| Raw data |

··········

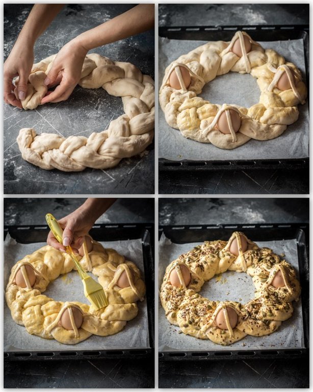 Оставить минут на 15-20, чтобы коса слегка поднялась и выпекать при 180° около 40-50 минут. Чтобы яйца не треснули, не открывайте дверцу духовки во время выпечки.
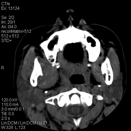 考虑----扁桃体炎症并脓肿形成及周围唾液腺-咽部-右上颌窦炎症,抗炎后复查。
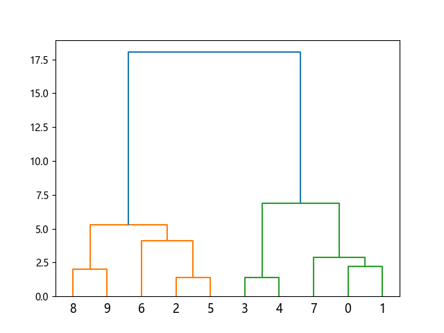 # 这三行代码使编译器支持绘图功能: import sys import matplotlib matplotlib.use('Agg') import numpy as np import matplotlib.pyplot as plt from scipy.cluster.hierarchy import dendrogram, linkage # 定义样本数据点坐标: x = [4, 5, 10, 4, 3, 11, 14, 6, 10, 12] y = [21, 19, 24, 17, 16, 25, 24, 22, 21, 21] # 组合数据点: data = list(zip(x, y)) # 计算层次聚类链接矩阵(使用 ward 方法和欧式距离): linkage_data = linkage( data, method='ward', # 聚类合并方法 metric='euclidean' # 距离度量标准 ) # 绘制树状图: dendrogram(linkage_data) # 显示图形: plt.show() # 这两行代码使编译器能够输出图形: plt.savefig(sys.stdout.buffer) sys.stdout.flush()

··········

| Required action |
An unchanged copy of the listing, with no pictures, should be returned.

| Solution |
 Оставить минут на 15-20, чтобы коса слегка поднялась и выпекать при 180° около 40-50 минут. Чтобы яйца не треснули, не открывайте дверцу духовки во время выпечки.
 考虑----扁桃体炎症并脓肿形成及周围唾液腺-咽部-右上颌窦炎症,抗炎后复查。
 # 这三行代码使编译器支持绘图功能: import sys import matplotlib matplotlib.use('Agg') import numpy as np import matplotlib.pyplot as plt from scipy.cluster.hierarchy import dendrogram, linkage # 定义样本数据点坐标: x = [4, 5, 10, 4, 3, 11, 14, 6, 10, 12] y = [21, 19, 24, 17, 16, 25, 24, 22, 21, 21] # 组合数据点: data = list(zip(x, y)) # 计算层次聚类链接矩阵(使用 ward 方法和欧式距离): linkage_data = linkage( data, method='ward', # 聚类合并方法 metric='euclidean' # 距离度量标准 ) # 绘制树状图: dendrogram(linkage_data) # 显示图形: plt.show() # 这两行代码使编译器能够输出图形: plt.savefig(sys.stdout.buffer) sys.stdout.flush()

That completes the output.